Kur'an-ı Kerim ve Türkçe Meali Sayfa 497
19. “Ve (benim risaletimi inkâr edip, O’nun emrini yerine getirmemekle) Allah’a baş kaldırmayın. Çünkü ben, size apaçık, kesin bir delil, aklîmanevî bir güç ve yetkiyle geldim.
20. “Beni taşlayıp öldürmek için girişebileceğiniz her teşebbüsten benim de Rabbim, sizin de Rabbiniz olan Allah’a sığınırım.
21. “Eğer bana inanmıyorsanız, o zaman bana ilişmeyin ve beni serbest bırakın.”
22. Nihayet Musa Rabbisine, “Bunlar, hayatları günah hasadından ibaret suçlu bir topluluk! (Artık onları Sana havale ediyorum Rabbim!)” diye yalvardı.
23. (Biz de kendisine şöyle emrettik:) “Kullarımla geceleyin yola çık; çünkü arkanızdan geleceklerdir.
24. “(Şimdi de) denizi öyle ikiye yarılmış olarak bırak. (Sizi takip edenler,) haklarında boğulma hükmü verilmiş bir topluluktur.”
25. (Firavun ve halkı) nice bahçeler, pınarlar ve çeşmeler bıraktılar geride;
26. Ve nice çiftlikler ve nice güzel konaklar, büyük ve şerefli makamlar, mevkiler;
27. Ve içinde zevk u safa sürdükleri daha başka nice nice nimetler.
28. Ama sonunda olan oldu; (benzeri bütün nimetleri, onlardan olmayan) bir başka topluluğa, (İsrail Oğulları’na) bahşettik.
29. Onlara gök de yer de ağlamadı; (azabı hak ettiklerinde) kendilerine mühlet tanınmadı ve göz de açtırılmadı.
30. İsrail Oğulları’nı ise kurtardık o alçaltıcı işkencelerden,
31. Firavun’dan.
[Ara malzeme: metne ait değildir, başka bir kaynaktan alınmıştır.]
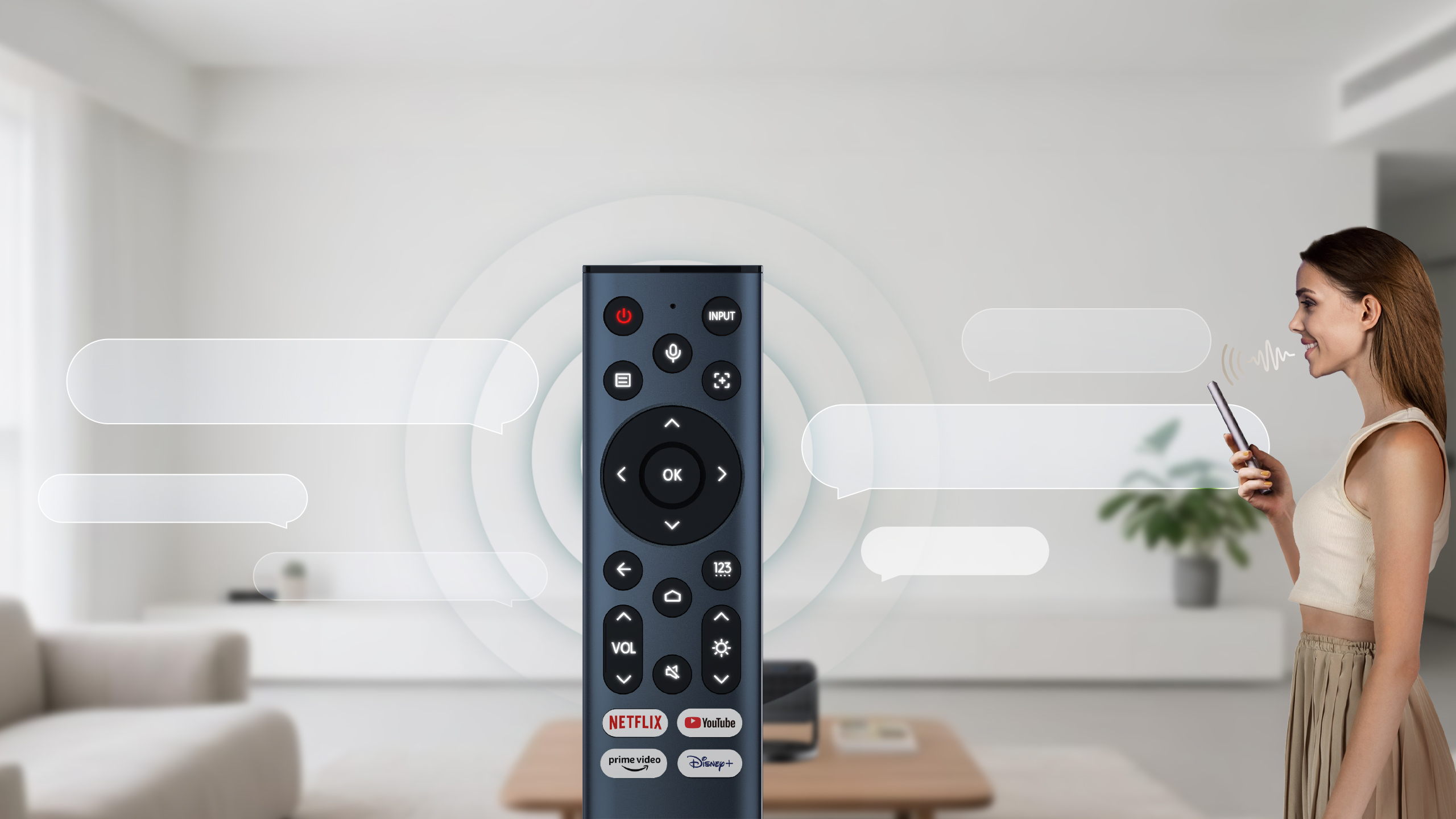 Stačí stlačiť tlačidlo, prehovoriť a sledovať – ovládajte projektor hlasom úplne bez použitia rúk pre rýchlu a pohodlnú zábavu.
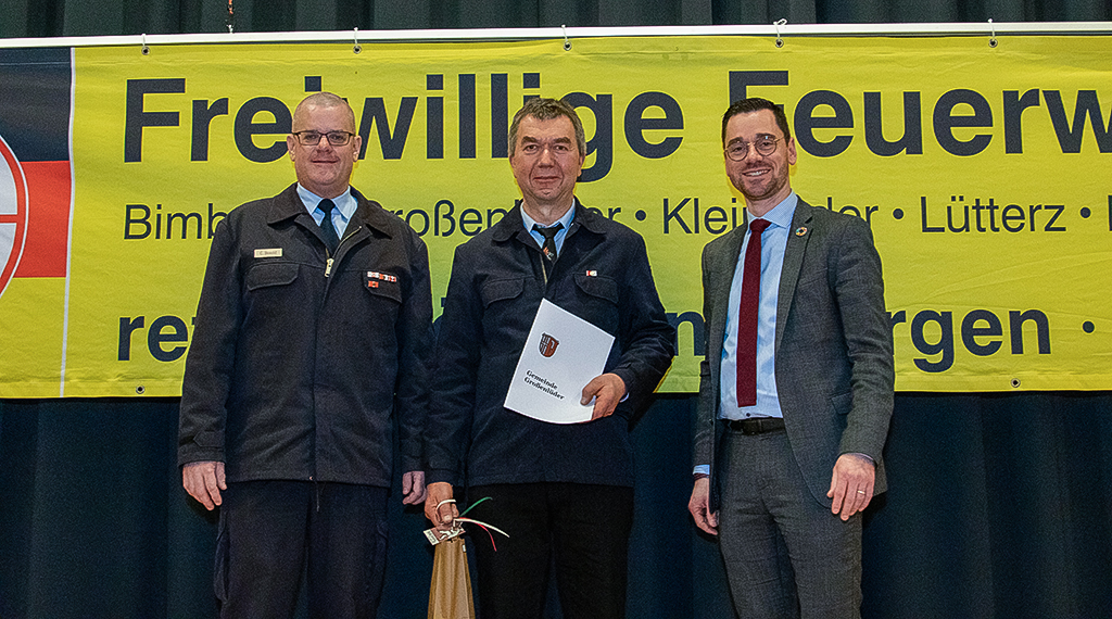 Ausgezeichnet wurde auch Berthold Döppner, der viele Jahre, auch schon vor 1998 als Wehrführer aktiv war. „In den vergangenen zehn Jahren hat er seine umfassende Expertise als stellvertretender Wehrführer im Ortsteil Lütterz eingebracht. Darüber hinaus trägt er seit vielen Jahren als Vorsitzender des Feuerwehrvereins Verantwortung. Er ist weder von der Feuerwehr noch aus Lütterz wegzudenken, ist stets agil und umtriebig und hat das Wohl des Ortsteils sowie der Feuerwehrmitglieder immer im Blick“, sagte Bürgermeister Florian Fritzsch.
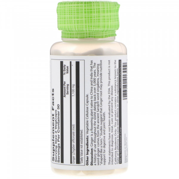 Solaray, имбирь, 550 мг, 100 вегетарианских капсул
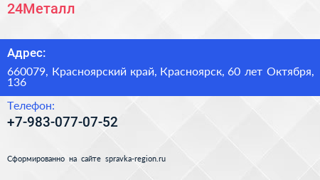 24Металл по адресу 660079, Красноярский край, Красноярск, 60 лет Октября, 136 в дальнейшем Организация, размещена в следующих категориях:
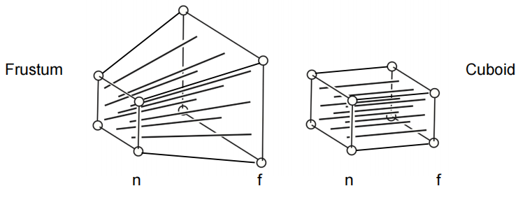 透视投影四棱锥中物体放置的那块区域叫做 frustum,将区域内的物体投影到近处的苹面上。
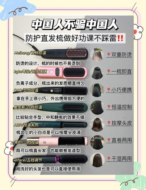 〖Four〗、直发梳:对头发的伤害相对较小,使用后头发不易干枯毛躁。拉直:由于直板夹的高温作用,可能对头发造成一定的损伤,容易导致头发干枯、毛躁。总结:直发梳更适合追求简便快捷、对头发伤害较小的用户;而拉直则更适合追求持久定型效果的用户,但需注意对头发的保护。

Gerçekten Firavun, kibirli bir zorba idi; Allah’ın verdiği kabiliyet ve melekeleri israf edip, haddi aşanlardandı.
32. İsrail Oğullarını, bir bilgiye binaen (o devirdeki) bütün milletlerden üstün kıldık.
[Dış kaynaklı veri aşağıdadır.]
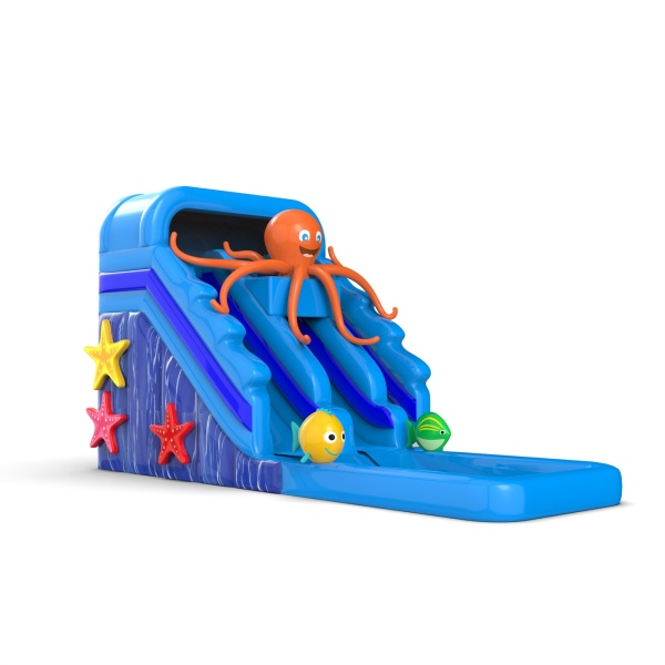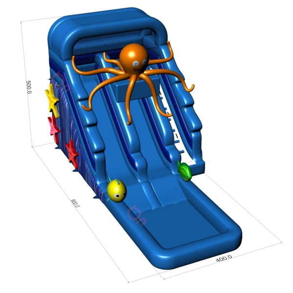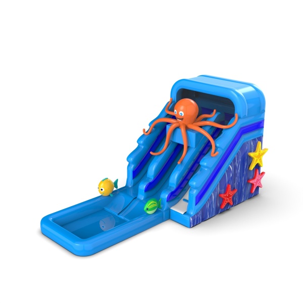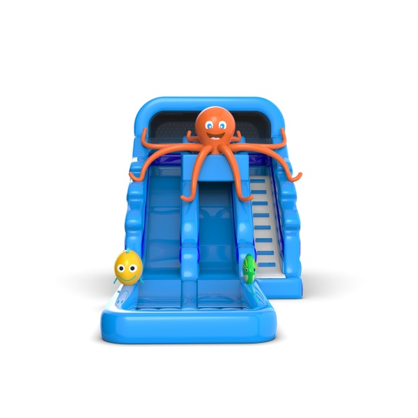 Felfújható vízicsúszda polippal kiváló attrakció gyerekek, tinédzserek és felnőttek számára egyaránt. A vízi felfújható játékok számos színben és tematikában elérhetők. A felfújható vízi csúszdák remek szórakozást nyújtanak minden résztvevőnek a hosszú nyári napokon. Ezek az attrakciók igazi slágerei minden vízi vidámparknak. Élvezd a szórakozást barátokkal és ismerősökkel – egy ilyen csúszda még élvezetesebbé teszi a vízparton vagy homokos strandon eltöltött időt a családdal.

33. Ve kendilerine pek çok mucizeler bahşettik; bu bahşedimizde açık bir imtihan da vardı.
34. Şu (Mekke müşrikleri ise,) tutmuş şöyle diyorlar:
35. “Biz bir kere öldük mü artık her şey bitmiştir; öyle diriltilip yeni bir hayata falan dönecek değiliz.
36. “Eğer (öldükten sonra diriltileceğimiz) iddiasında sadık ve samimi iseniz, haydi babalarımızı diriltin de görelim!”
37. Onlar mı daha zengin ve daha güçlü– kuvvetli, yoksa Tübba halkı ve onlardan önce yaşamış (ve cezamızı hak etmiş) diğer toplumlar mı? Onların hepsini helâk ettik, çünkü hayatları günah hasadından ibaret suçlu topluluklardı.
38. Biz, gökleri, yeri ve bunların arasındakileri oyun ve eğlence olsun diye yaratmadık.
39. Onları ancak hak bir gaye için, yerli yerince ve gerçeğe dayalı sabit bir sistem üzerinde yarattık; ama o (inanmayanların, Allah’a şirk koşanların) çoğu bunu bilmezler.